DATA FOR THIS TASK:

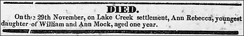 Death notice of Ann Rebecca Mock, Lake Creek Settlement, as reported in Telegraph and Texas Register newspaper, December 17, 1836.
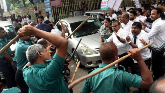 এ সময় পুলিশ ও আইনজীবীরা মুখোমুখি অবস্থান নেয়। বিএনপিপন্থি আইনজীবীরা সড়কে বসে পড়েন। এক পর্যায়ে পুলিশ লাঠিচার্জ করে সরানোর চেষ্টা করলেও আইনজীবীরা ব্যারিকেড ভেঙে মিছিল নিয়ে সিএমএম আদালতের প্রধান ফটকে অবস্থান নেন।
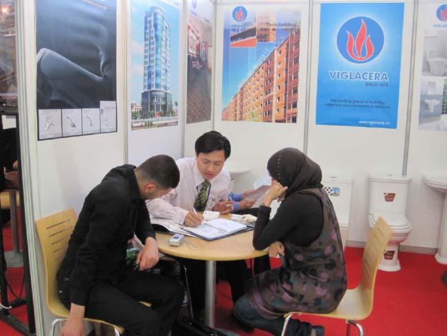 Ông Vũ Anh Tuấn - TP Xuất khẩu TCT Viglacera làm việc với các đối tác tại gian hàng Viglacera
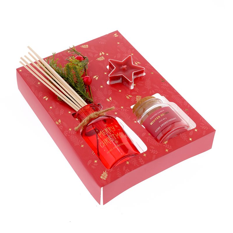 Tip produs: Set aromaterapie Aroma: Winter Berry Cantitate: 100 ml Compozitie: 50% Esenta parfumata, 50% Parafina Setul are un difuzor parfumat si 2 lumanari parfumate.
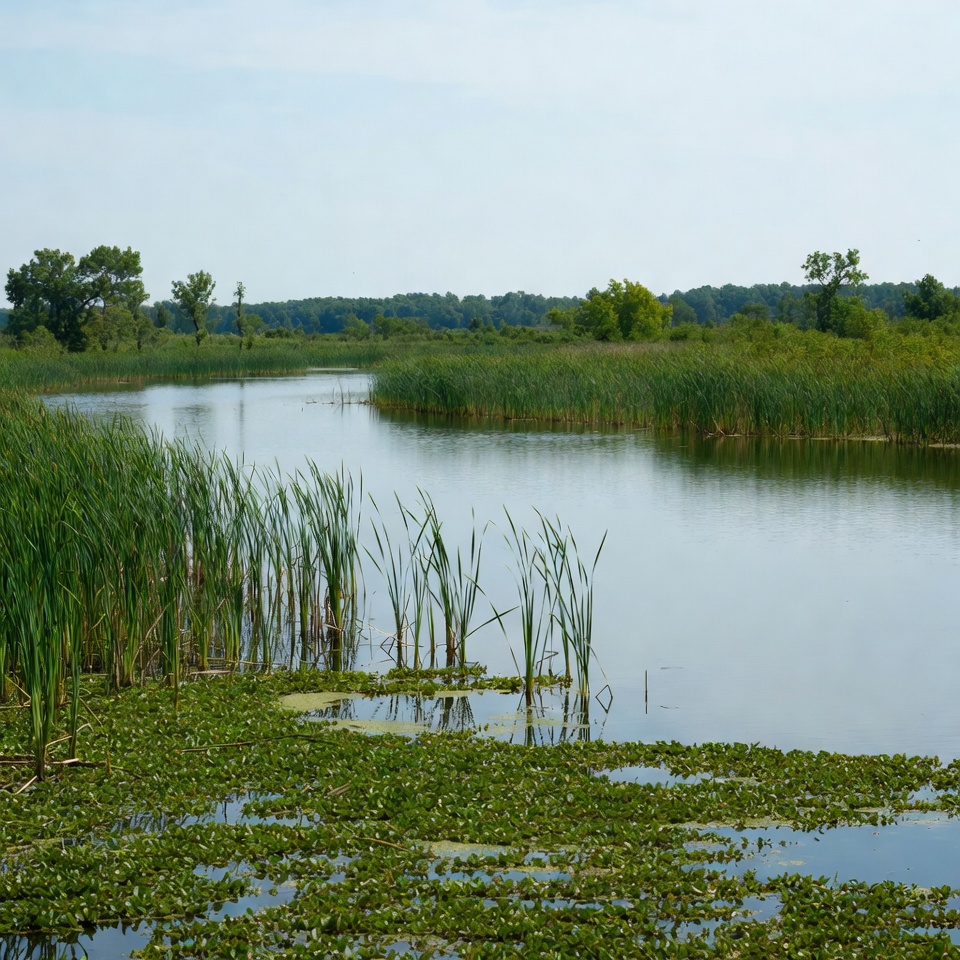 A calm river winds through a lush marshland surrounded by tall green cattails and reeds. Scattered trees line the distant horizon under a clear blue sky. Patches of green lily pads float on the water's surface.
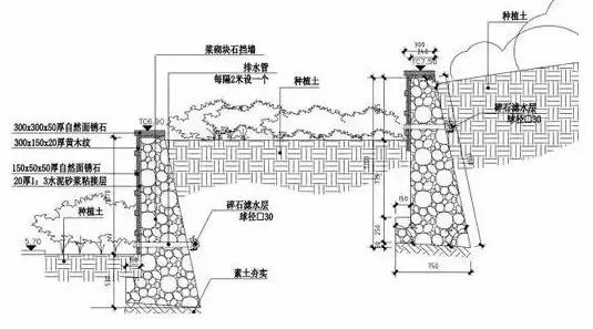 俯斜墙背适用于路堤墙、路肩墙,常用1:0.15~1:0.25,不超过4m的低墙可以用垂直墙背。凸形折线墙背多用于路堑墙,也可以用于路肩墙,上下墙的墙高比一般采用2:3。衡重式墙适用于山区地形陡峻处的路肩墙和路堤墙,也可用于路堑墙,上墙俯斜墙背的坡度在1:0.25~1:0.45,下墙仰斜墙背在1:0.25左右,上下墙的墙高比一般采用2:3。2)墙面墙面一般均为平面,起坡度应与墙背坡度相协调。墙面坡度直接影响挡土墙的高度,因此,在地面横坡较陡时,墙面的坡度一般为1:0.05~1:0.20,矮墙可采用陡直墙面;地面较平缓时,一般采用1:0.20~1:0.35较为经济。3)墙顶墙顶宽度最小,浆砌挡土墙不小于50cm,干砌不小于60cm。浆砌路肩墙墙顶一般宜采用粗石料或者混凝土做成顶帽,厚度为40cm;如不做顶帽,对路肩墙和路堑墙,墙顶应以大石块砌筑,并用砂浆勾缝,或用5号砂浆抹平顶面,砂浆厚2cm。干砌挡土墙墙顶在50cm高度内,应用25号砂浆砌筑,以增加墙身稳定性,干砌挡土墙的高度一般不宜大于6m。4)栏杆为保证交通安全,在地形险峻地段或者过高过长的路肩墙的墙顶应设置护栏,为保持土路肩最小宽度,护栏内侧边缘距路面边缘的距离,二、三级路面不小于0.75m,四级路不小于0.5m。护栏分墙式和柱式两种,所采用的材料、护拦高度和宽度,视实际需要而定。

TASK TO COMPLETE: Except for the pictures, print the data above exactly.

ANSWER AREA:
 Death notice of Ann Rebecca Mock, Lake Creek Settlement, as reported in Telegraph and Texas Register newspaper, December 17, 1836.
 এ সময় পুলিশ ও আইনজীবীরা মুখোমুখি অবস্থান নেয়। বিএনপিপন্থি আইনজীবীরা সড়কে বসে পড়েন। এক পর্যায়ে পুলিশ লাঠিচার্জ করে সরানোর চেষ্টা করলেও আইনজীবীরা ব্যারিকেড ভেঙে মিছিল নিয়ে সিএমএম আদালতের প্রধান ফটকে অবস্থান নেন।
 Ông Vũ Anh Tuấn - TP Xuất khẩu TCT Viglacera làm việc với các đối tác tại gian hàng Viglacera
 Tip produs: Set aromaterapie Aroma: Winter Berry Cantitate: 100 ml Compozitie: 50% Esenta parfumata, 50% Parafina Setul are un difuzor parfumat si 2 lumanari parfumate.
 A calm river winds through a lush marshland surrounded by tall green cattails and reeds. Scattered trees line the distant horizon under a clear blue sky. Patches of green lily pads float on the water's surface.
 俯斜墙背适用于路堤墙、路肩墙,常用1:0.15~1:0.25,不超过4m的低墙可以用垂直墙背。凸形折线墙背多用于路堑墙,也可以用于路肩墙,上下墙的墙高比一般采用2:3。衡重式墙适用于山区地形陡峻处的路肩墙和路堤墙,也可用于路堑墙,上墙俯斜墙背的坡度在1:0.25~1:0.45,下墙仰斜墙背在1:0.25左右,上下墙的墙高比一般采用2:3。2)墙面墙面一般均为平面,起坡度应与墙背坡度相协调。墙面坡度直接影响挡土墙的高度,因此,在地面横坡较陡时,墙面的坡度一般为1:0.05~1:0.20,矮墙可采用陡直墙面;地面较平缓时,一般采用1:0.20~1:0.35较为经济。3)墙顶墙顶宽度最小,浆砌挡土墙不小于50cm,干砌不小于60cm。浆砌路肩墙墙顶一般宜采用粗石料或者混凝土做成顶帽,厚度为40cm;如不做顶帽,对路肩墙和路堑墙,墙顶应以大石块砌筑,并用砂浆勾缝,或用5号砂浆抹平顶面,砂浆厚2cm。干砌挡土墙墙顶在50cm高度内,应用25号砂浆砌筑,以增加墙身稳定性,干砌挡土墙的高度一般不宜大于6m。4)栏杆为保证交通安全,在地形险峻地段或者过高过长的路肩墙的墙顶应设置护栏,为保持土路肩最小宽度,护栏内侧边缘距路面边缘的距离,二、三级路面不小于0.75m,四级路不小于0.5m。护栏分墙式和柱式两种,所采用的材料、护拦高度和宽度,视实际需要而定。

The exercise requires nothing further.